Поэтому скажем немного слов и о настоящих беженцах. Начиная с 1953 г., до Южной Кореи удалось добраться примерно 7 тысячам северокорейцев, однако до 1990-х гг. количество перебежчиков с Юга на Север и с Севера на Юг было примерно одинаковым и составляло около 10 человек в год. В докладе, обнародованном парламентским комитетом по делам воссоединения, указывается, что с момента раздела Кореи до конца 1989 г. в РК прибыли лишь 607 бывших граждан Северной Кореи179.
Лавинообразно число бежавших на Юг начало расти только в течение последнего десятилетия из-за продовольственного кризиса 1995-1997 гг., и на конец сентября 2000 г., в Республике Корея уже проживало 1048 перебежчиков с Севера180. При этом подавляющее большинство бывших жителей КНДР, прибывших в Республику Корея после 1995 гг. - выходцы из низов, не способные предоставить властям ценной разведывательной информации.
Количество перебежчиков увеличивается ежегодно. По официальным данным, число северокорейских перебежчиков составило в 2002 г. 1140 человек, а в 2003 г. - 1285, и к 2004 г. количество северян, перебежавших в РК после раздела страны, превысило 5,5 тысяч181, больше половины которых прибыли на Юг Корейского полуострова, начиная с 2002 г.182
С 1996 г. правительство выделило 76 млрд. 300 млн. вон на оказание помощи перебежчикам, изъявившим желание поселиться в РК183, но в целом «условия приема» изменились. При холодной войне перебежчики (особенно поставившие Югу очень ценные сведения или боевую технику) могли рассчитывать на щедрую помощь со стороны властей. В «пакет» входило не только денежное довольствие, но и бесплатная квартира в столице, помощь при поступлении в вуз, возможность продолжать карьеру «по специальности», а в некоторых случаях – даже личная охрана184. Таковая, правда, никому не пригодилась, ибо единственной жертвой среди перебежчиков, за смертью которого тянется северокорейский след, был Ли Хан Ён.

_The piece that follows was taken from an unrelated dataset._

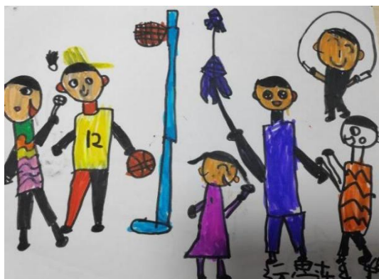
图 2-1 打篮球、放风筝(X-D4-CSY-H)

很显然,幼儿喜欢的节庆游戏非常广泛,不管是传统还是创新的游戏,抑或是与节庆活动本身不相关的游戏,但这些对幼儿来说都具有很强的吸引力。幼儿在游戏中宣泄、释放自己的情绪情感,也可以获得满足感和幸福感。

С августа 1999 г. в РК действует специально созданный учебно-реабилитационный центр для вновь прибывших перебежчиков, известный под сокращенным названием «Ханавон», лекции в котором читают как штатные преподаватели, так и специально приглашенные профессора сеульских вузов.
С перебежчиками (подробнее по этому поводу см. Ланькова) связан целый блок проблем. Во-первых, это проблемы социально-психологического плана, из-за которых некоторые перебежчики так и не смогли адаптироваться к жизни на Юге и попытались уйти обратно на Север. Отношение к перебежчикам как к гражданам третьего сорта в РК преобладает даже среди выпускников школ.
Во-вторых, это связанный с ними бизнес «брокеров» и даже случаи, когда за таковых выдавали китайских корейцев. Дело в том, что раньше перебежчикам платили «выходное пособие» - очень приличные деньги. Их хватало на то, чтобы заплатить «брокеру» и перетащить в РК своих родственников, на которых тоже полагается пособие. На каком-то этапе, правда, государство поняло эти «игры» и сильно урезало пособие.